HOW TO COMPLETE THIS TASK -
Look in the listing below for the line that has "通过遍布全身的摄像头与传感器", then return it and each following line up to and including the one with "قال النبي صلّى", exactly and without pictures.

DATA TO USE -

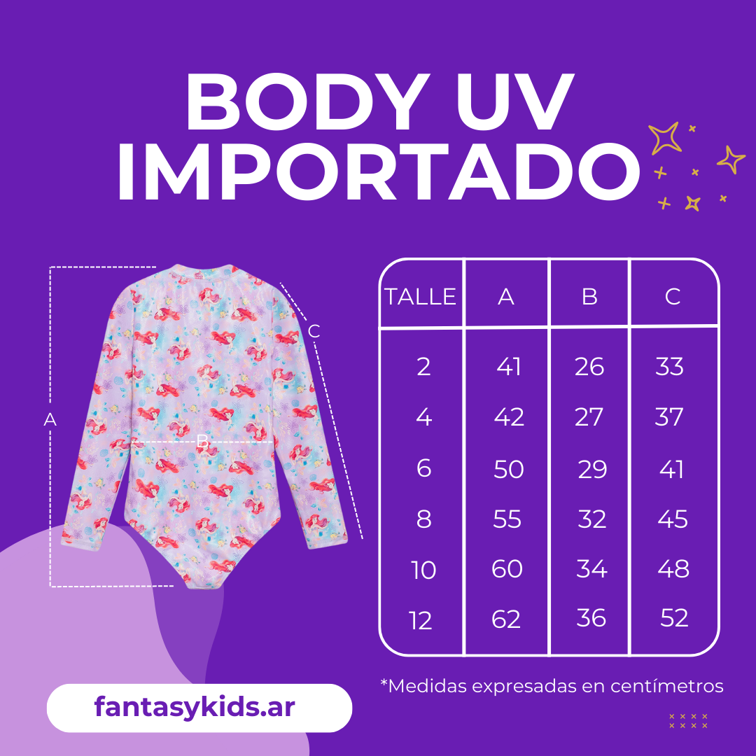 Nuestro body UV importado de Disney es la combinación perfecta de protección y diversión: bloquea el 98% de los rayos UV con certificación oficial, la más alta del mercado. Está confeccionada en 85% poliéster y 15% elastano, un material liviano, elástico y de secado rápido, para que juegue cómoda en la pileta, la playa o el club sin que vos tengas que preocuparte.
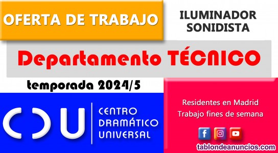 Buscamos Sonidista. Localidad Madrid. Artes Escénicas.
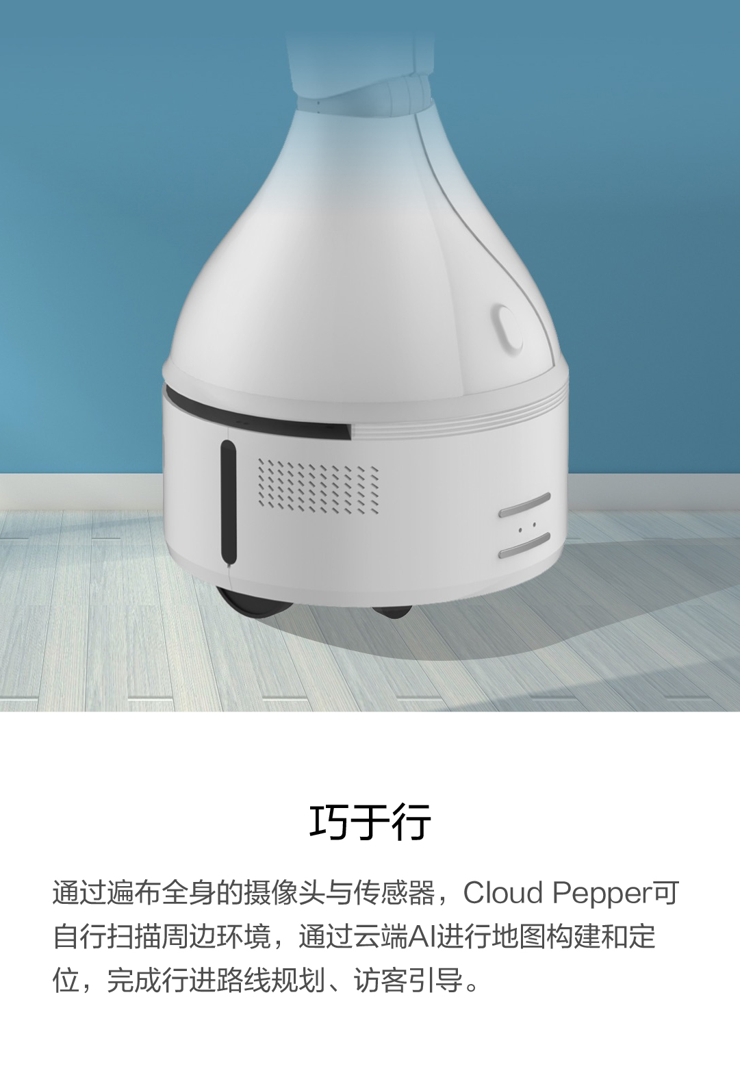 通过遍布全身的摄像头与传感器,Cloud Pepper可自行扫描周边环境,通过云端AI进行地图构建和定位,完成行进路线规划、访客引导。
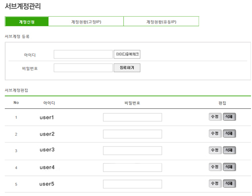 - 사용자의 계정 패스워드 등록 및 관리할 수 있는 페이지를 제공합니다.
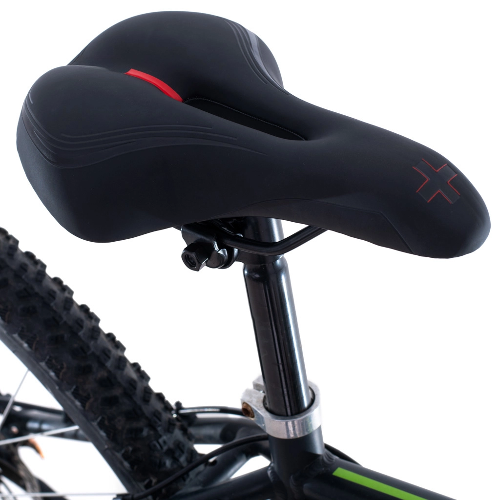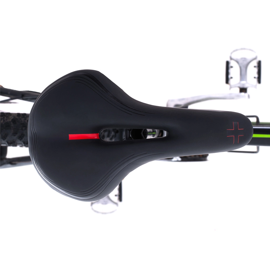 El sillín cuenta con un diseño ergonómico con canal central para aliviar la presión, lo que aumenta la comodidad durante la conducción.
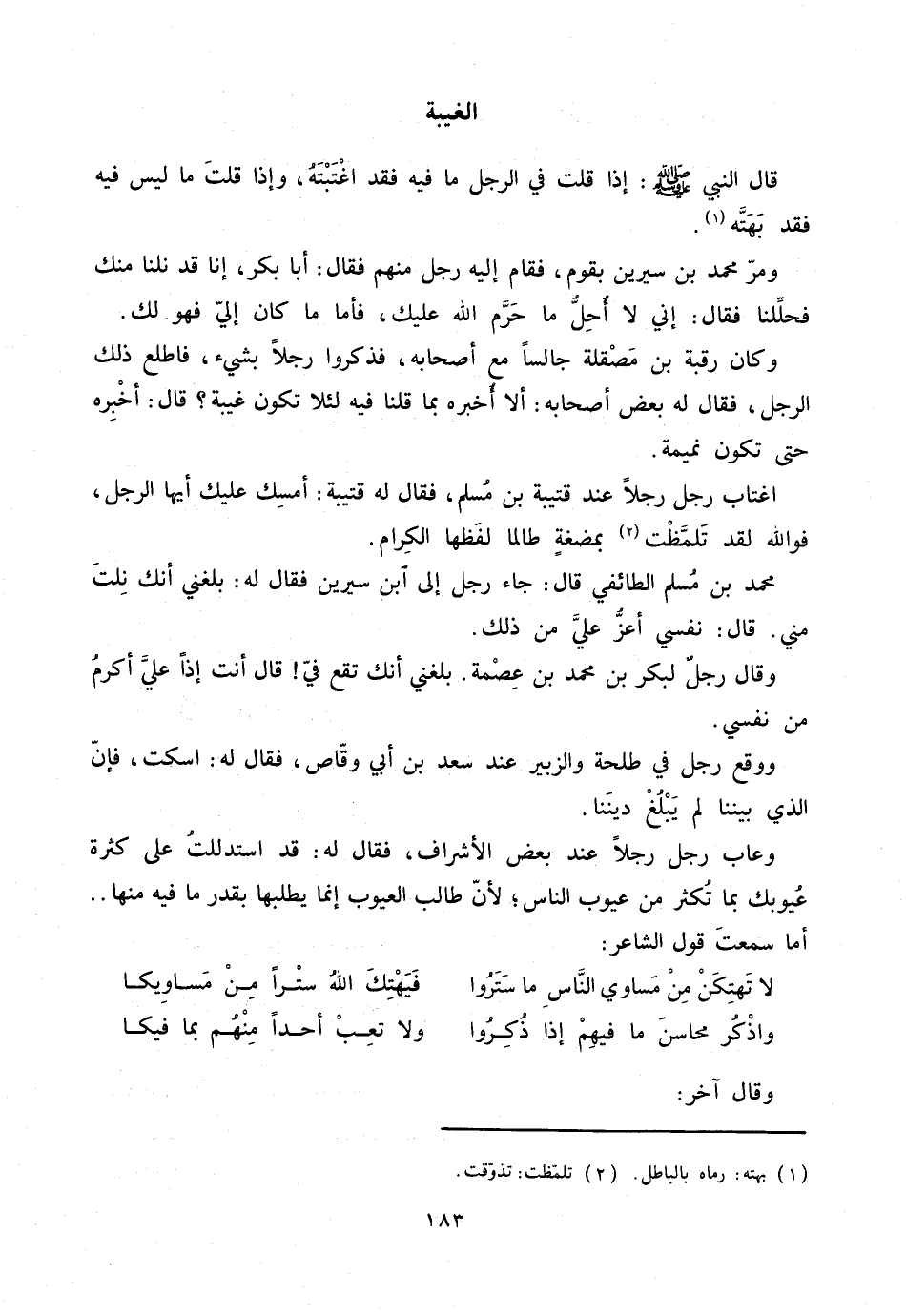 قال النبي صلّى الله عليه وسلم: إذا قلت في الرجل ما فيه فقد اغتبته، وإذا قلت ما ليس فيه فقد بهتّه «1» .
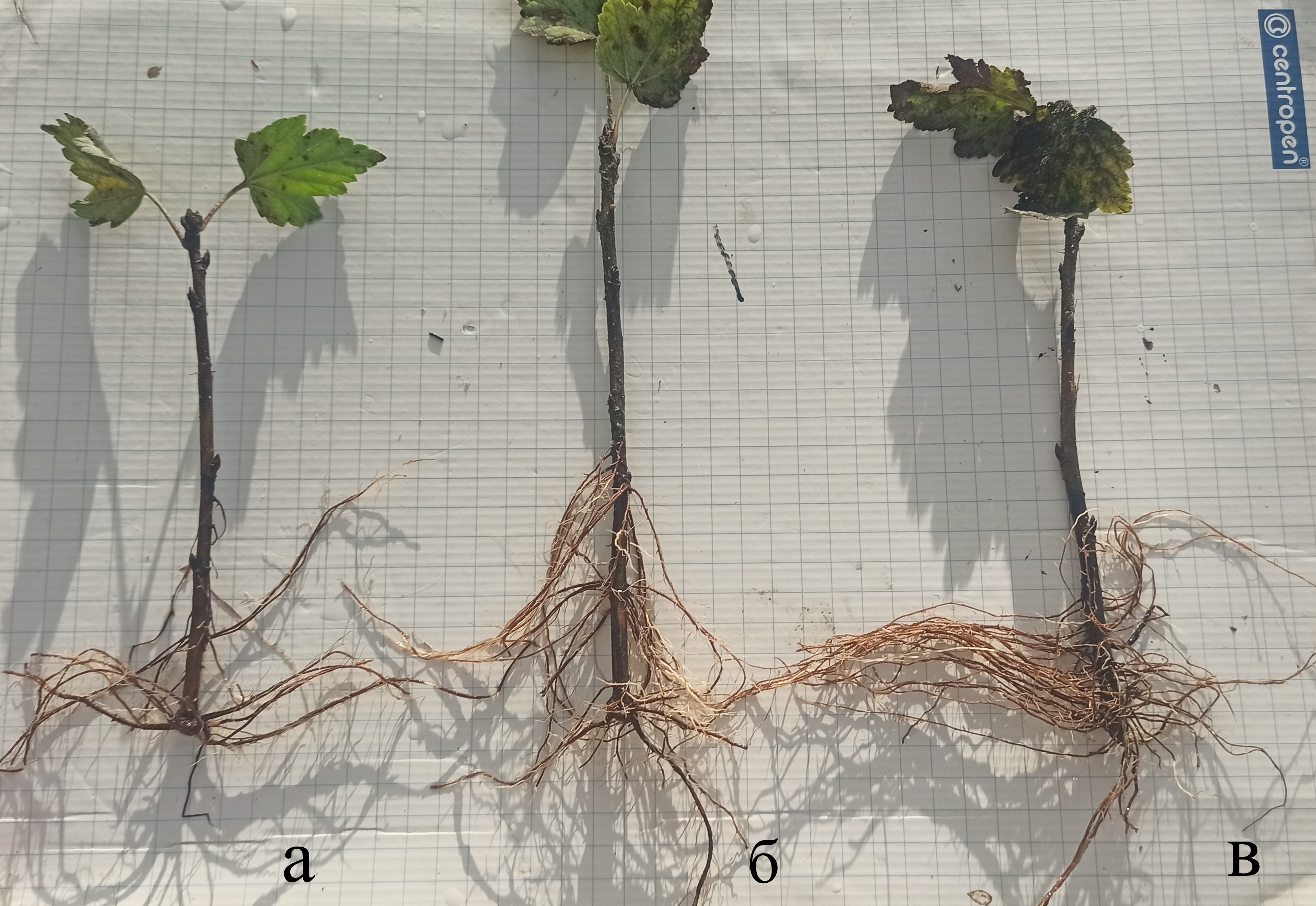 Рисунок 5 – Окоренившиеся черенки R. vulgare × R. atropurpureum обработанных НЧ Feh, допированного: а – Co; б – Si; в – контроль
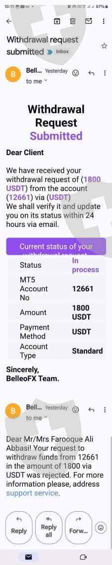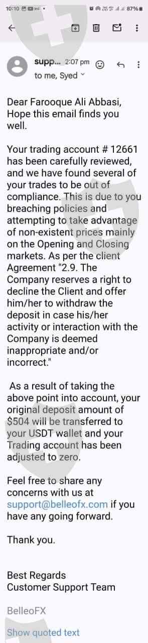 I am writing to provide my review of the services provided by Belleofx scammer Broker. My name is Farooq Ali Abbasi, and I opened an account with Belleofx with the MT5 A/C No. . I2661 would like to bring to your attention an incident that has occurred with my account, which has led me to believe that Belleofx is a fraudulent broker.
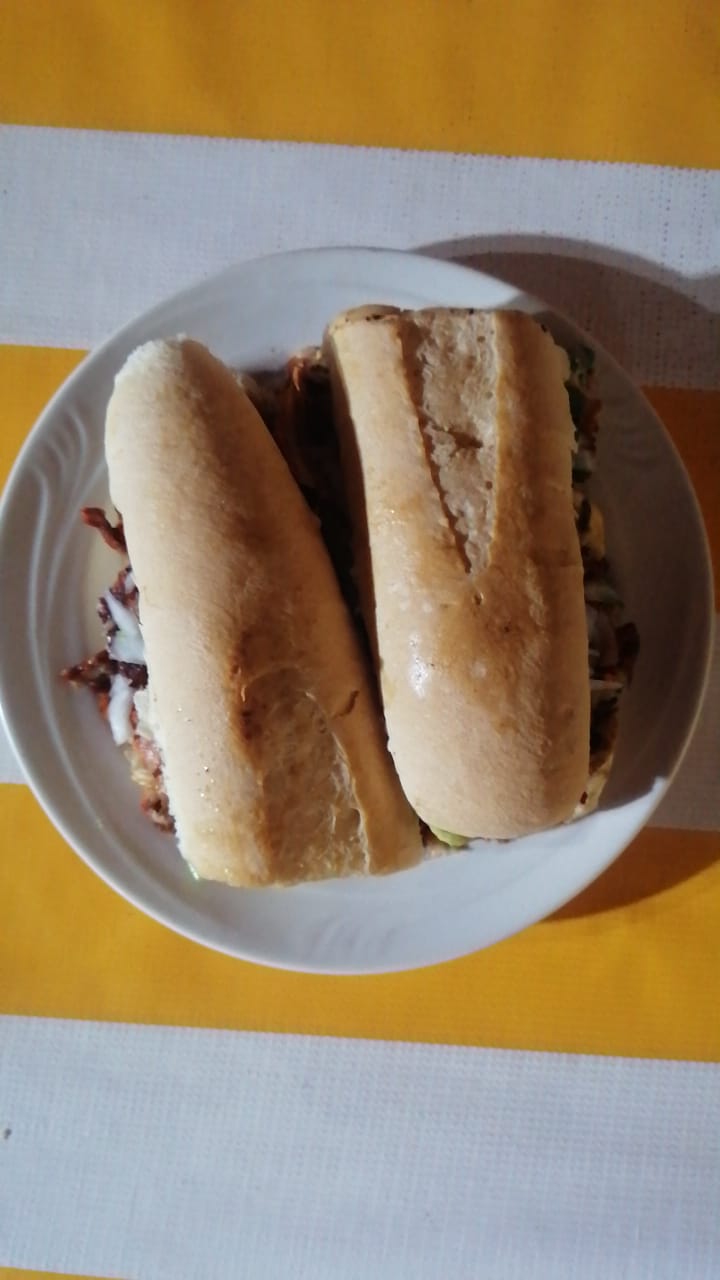 1 baguette rellena de pastor y queso gratinado.
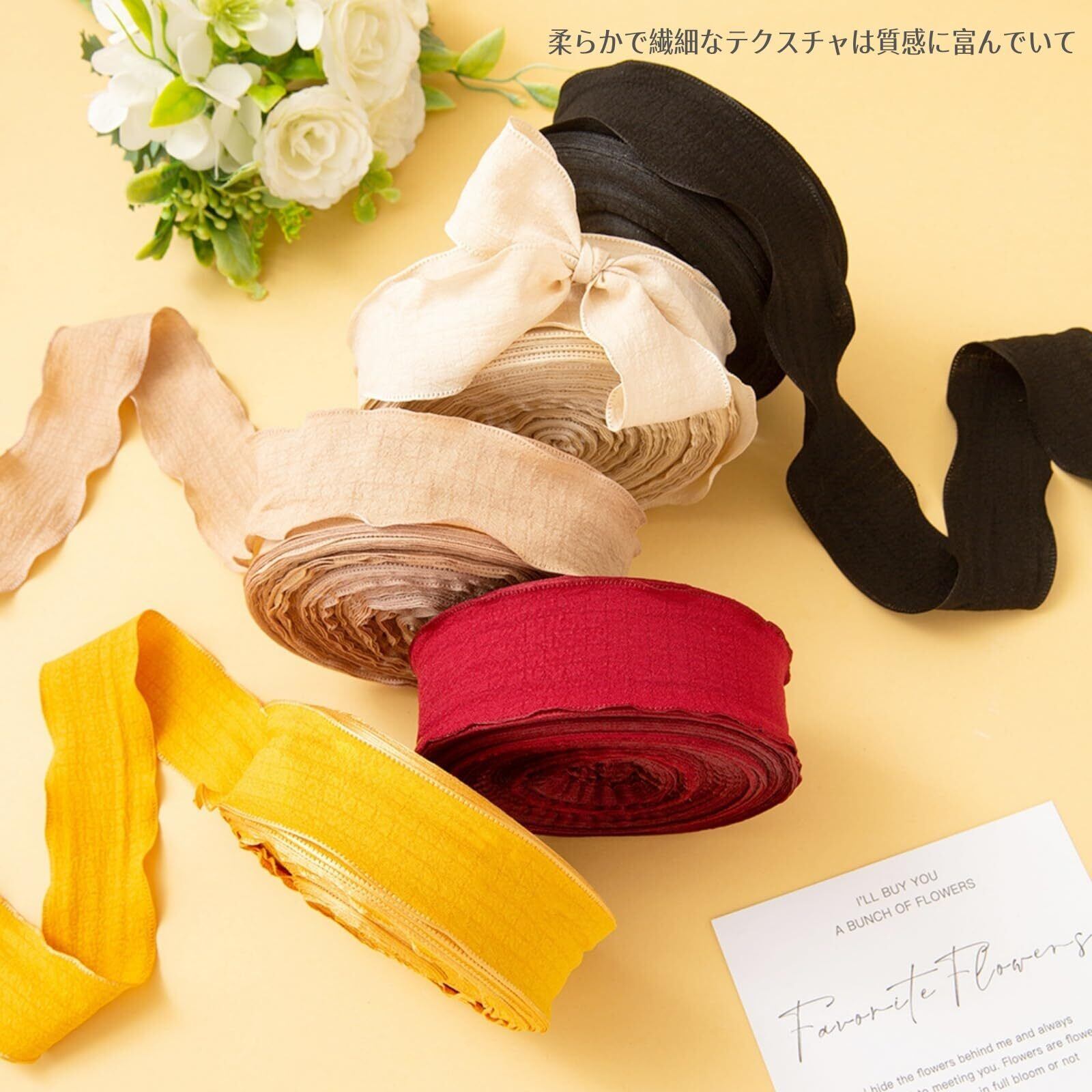 【手作りやDIY】:ウェーブのついたリボンなので結ぶと立体的でボリューム感のある装飾になります。ヘアアクセサリーや小物により豪華さをプラスしたい時にお役立て下さい。

TASK RESPONSE -
 通过遍布全身的摄像头与传感器,Cloud Pepper可自行扫描周边环境,通过云端AI进行地图构建和定位,完成行进路线规划、访客引导。
 - 사용자의 계정 패스워드 등록 및 관리할 수 있는 페이지를 제공합니다.
 El sillín cuenta con un diseño ergonómico con canal central para aliviar la presión, lo que aumenta la comodidad durante la conducción.
 قال النبي صلّى الله عليه وسلم: إذا قلت في الرجل ما فيه فقد اغتبته، وإذا قلت ما ليس فيه فقد بهتّه «1» .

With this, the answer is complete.